**Brief**
Would you please retype, exactly, the lines of the listing below between the line with "Prep Men's Letter" and the line with "- NOTIZIE STORICO", inclusive?

**Listed entries**
>>>>>

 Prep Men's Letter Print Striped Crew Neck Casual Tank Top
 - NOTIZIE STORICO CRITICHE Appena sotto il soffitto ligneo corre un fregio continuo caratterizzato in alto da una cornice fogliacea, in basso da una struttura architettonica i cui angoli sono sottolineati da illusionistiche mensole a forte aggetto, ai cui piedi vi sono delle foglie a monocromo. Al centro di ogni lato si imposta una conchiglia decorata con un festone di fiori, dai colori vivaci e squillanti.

<<<<<
>>>>>

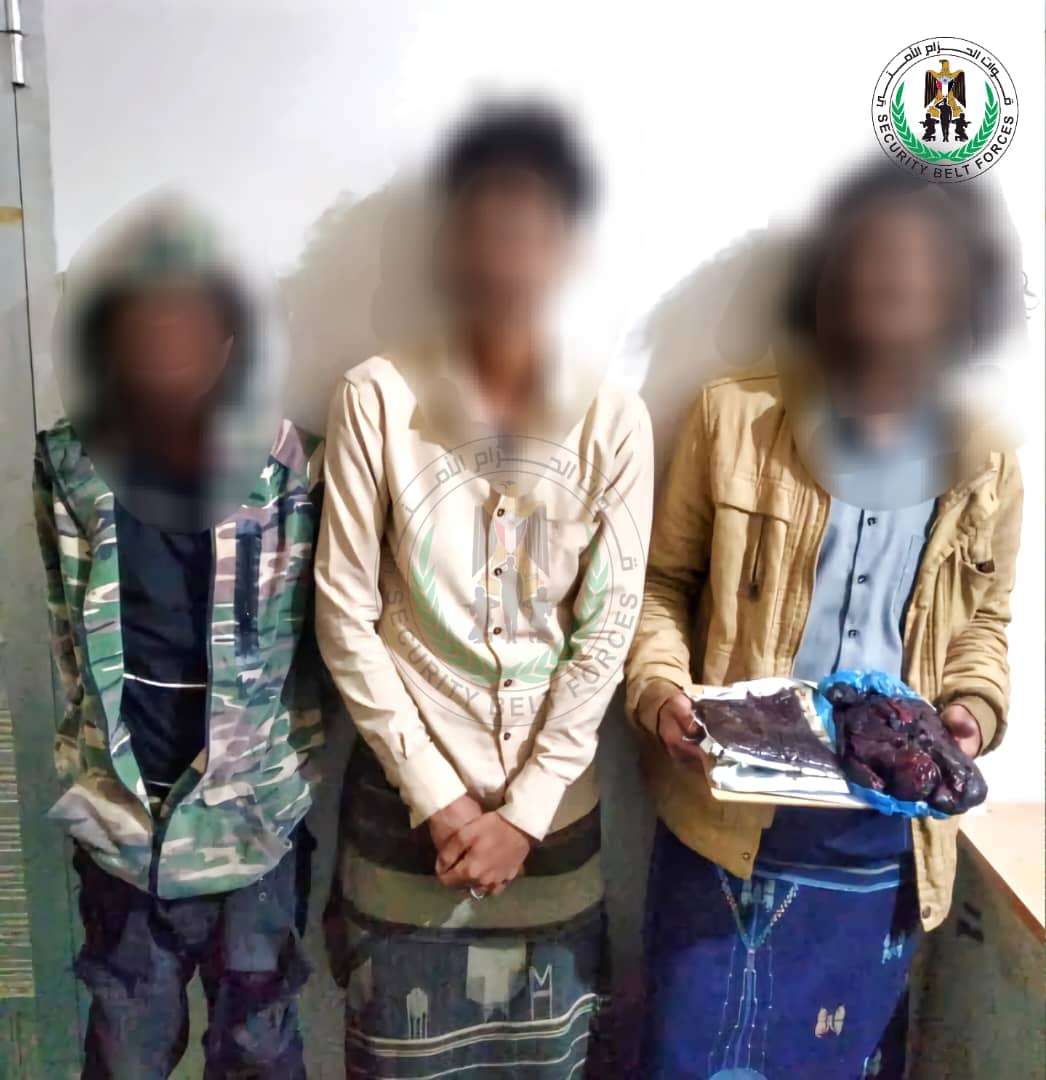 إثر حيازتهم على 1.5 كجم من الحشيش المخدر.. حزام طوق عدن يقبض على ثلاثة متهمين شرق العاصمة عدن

<<<<<

**Reply**
 Prep Men's Letter Print Striped Crew Neck Casual Tank Top
 - NOTIZIE STORICO CRITICHE Appena sotto il soffitto ligneo corre un fregio continuo caratterizzato in alto da una cornice fogliacea, in basso da una struttura architettonica i cui angoli sono sottolineati da illusionistiche mensole a forte aggetto, ai cui piedi vi sono delle foglie a monocromo. Al centro di ogni lato si imposta una conchiglia decorata con un festone di fiori, dai colori vivaci e squillanti.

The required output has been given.